### Requirement
Give back an exact repetition of the material below, from its first line through the line that contains "Pat continental tapitat", both included, minus the pictures.

### Data section

== Segment start ==

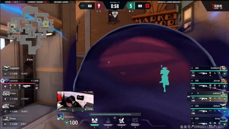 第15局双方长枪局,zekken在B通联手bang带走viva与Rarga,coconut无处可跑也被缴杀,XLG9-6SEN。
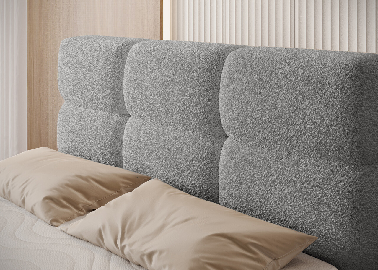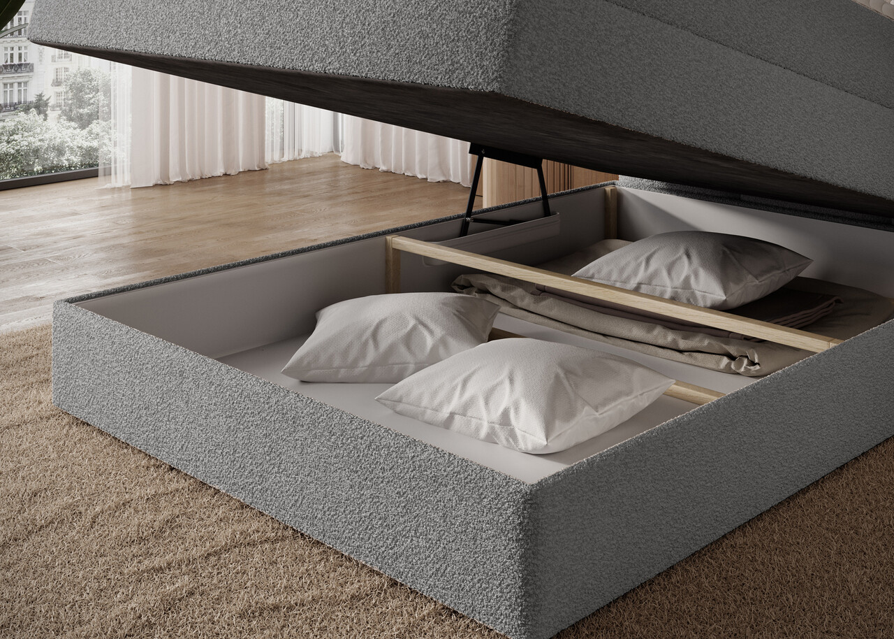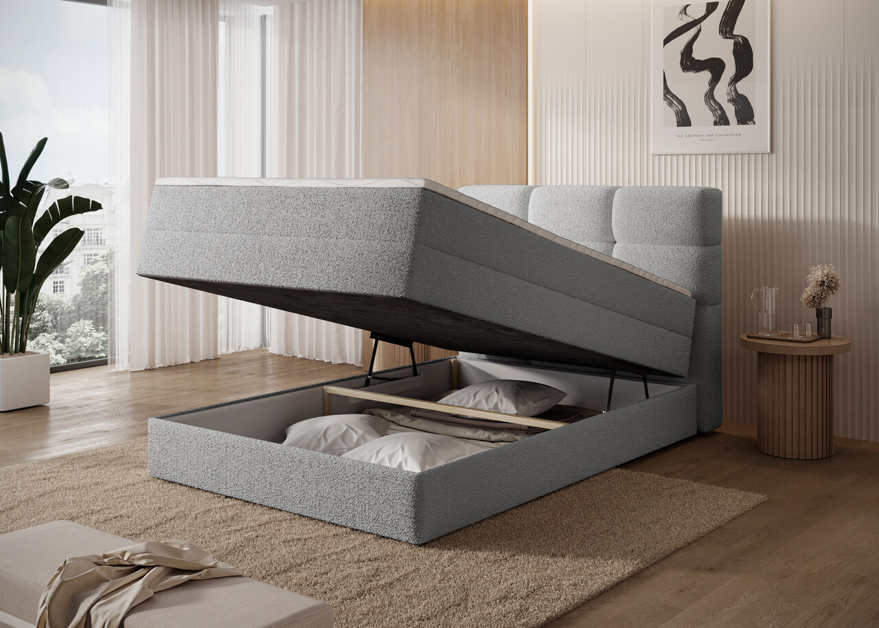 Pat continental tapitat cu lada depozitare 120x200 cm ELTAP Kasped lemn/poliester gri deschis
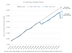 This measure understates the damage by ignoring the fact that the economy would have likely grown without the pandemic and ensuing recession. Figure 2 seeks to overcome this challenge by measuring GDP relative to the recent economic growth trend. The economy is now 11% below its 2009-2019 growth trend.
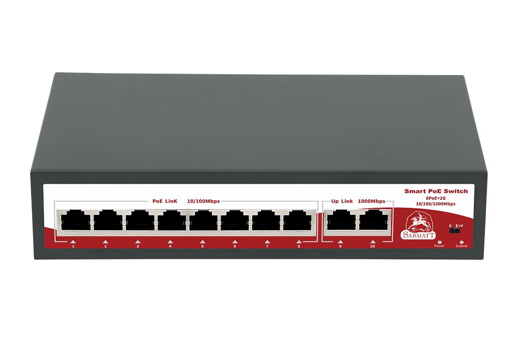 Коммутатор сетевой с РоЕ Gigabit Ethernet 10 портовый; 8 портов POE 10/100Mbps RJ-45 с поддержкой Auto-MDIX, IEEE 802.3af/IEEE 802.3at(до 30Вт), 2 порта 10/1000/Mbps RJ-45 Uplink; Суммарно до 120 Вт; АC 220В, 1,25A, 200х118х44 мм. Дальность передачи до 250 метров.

== Segment end ==

### Exercise result
 第15局双方长枪局,zekken在B通联手bang带走viva与Rarga,coconut无处可跑也被缴杀,XLG9-6SEN。
 Pat continental tapitat cu lada depozitare 120x200 cm ELTAP Kasped lemn/poliester gri deschis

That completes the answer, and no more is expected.